Performance improvements usually lead to code that is less readable and therefore it should only be done when it's really needed.
The second rule is: Improve algorithms and data-structures before low-level improvements.
If you need to improve the performance of your code always try to use more efficient algorithms and data-structures before going to low-level improvement. In your code example that would be: Don't use BubbleSort, but try to use more efficient algorithms like Quicksort or Mergesort, because they use time complexity of O(n*log(n) while Bubble sort has a time complexity of O(n^2) which is much slower when you have to sort big arrays. You can use Arrays.sort(int[]) to do this.
Your data-structures are only arrays so this can't be improved in your code.

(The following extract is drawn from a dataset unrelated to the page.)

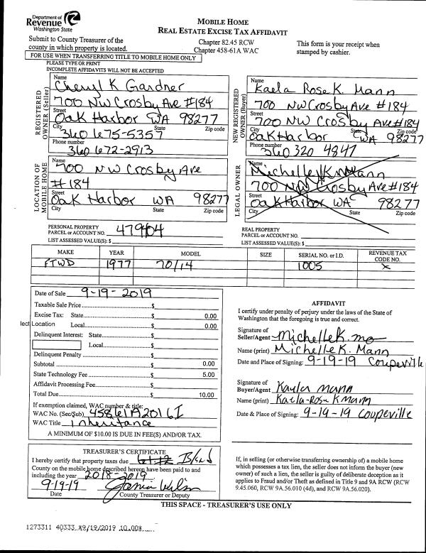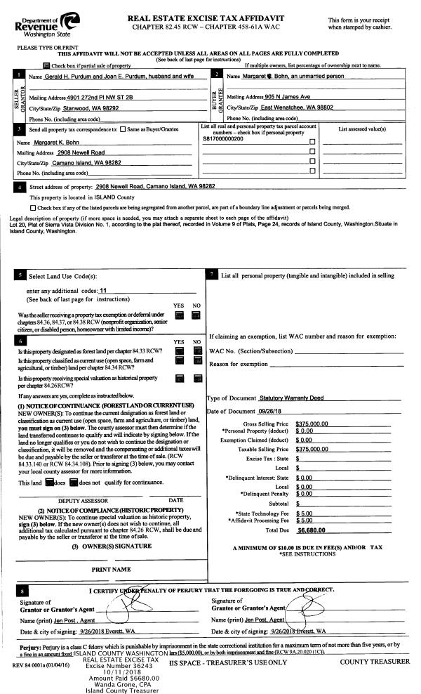 | Mailing Address: | 3611 DRIFTWOOD DR CLINTON, WA 98236 | % Ownership: | 100.0000000000% |

This will give your code quite some speedup, and will not lead to a code that can't be read anymore. Improvements like changing simple calculations to slightly faster calculations using bitshifts and other fast calculations (that are pretty hard to understand if used to often) will almost always lead to a code that is only slightly faster but no one will be able to easily understand it anymore.

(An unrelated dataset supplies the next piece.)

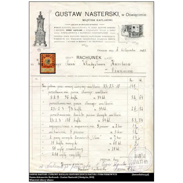 Rachunek – Gustaw Nasterski [Oświęcim, 1913]

Some improvements that could be applied to your code (that will also only slightly improve the performance) are:
Replace while loops with for loops if possible (they can be improved by the compiler)
Don't use System.out.println for many texts if it's not totaly needed (because it's quite slow for big texts)
Try to copy arrays using System.arraycopy which usually is faster than copying using while loops
So an improved code of yours could look like this (I marked the changed parts with comments):
import java.io.BufferedWriter;
import java.io.FileWriter;
import java.io.IOException;
import java.util.Arrays;
import java.util.Scanner;
public class Solution {
// Complete the activityNotifications function below.
static int activityNotifications(int[] expenditure, int d) {
//Delaring Variables
int iterations, itr, length, median, midDummy, midL, midR, midDummy2, i, i1, temp, count;
float mid, p, q;
length = expenditure.length;
iterations = length - d;
i = 0;
i1 = 0;
itr = 0;
count = 0;
int[] exSub = new int[d];
//EDIT: replace while loops with for loops if possible
//while (iterations > 0) {
for (int iter = 0; iter < iterations; iter++) {
//EDIT: here you can again use a for loop or just use System.arraycopy which should be (slightly) fasters
// Enter the elements in the subarray
/*while (i1 < d) {
exSub[i1] = expenditure[i + i1];
//System.out.println(exSub[i1]);
i1++;
}*/
System.arraycopy(expenditure, i, exSub, 0, d);
//EDIT: Don't use bubble sort!!! It's one of the worst sorting algorithms, because it's really slow
//Bubble sort uses time complexity O(n^2); others (like merge-sort or quick-sort) only use O(n*log(n))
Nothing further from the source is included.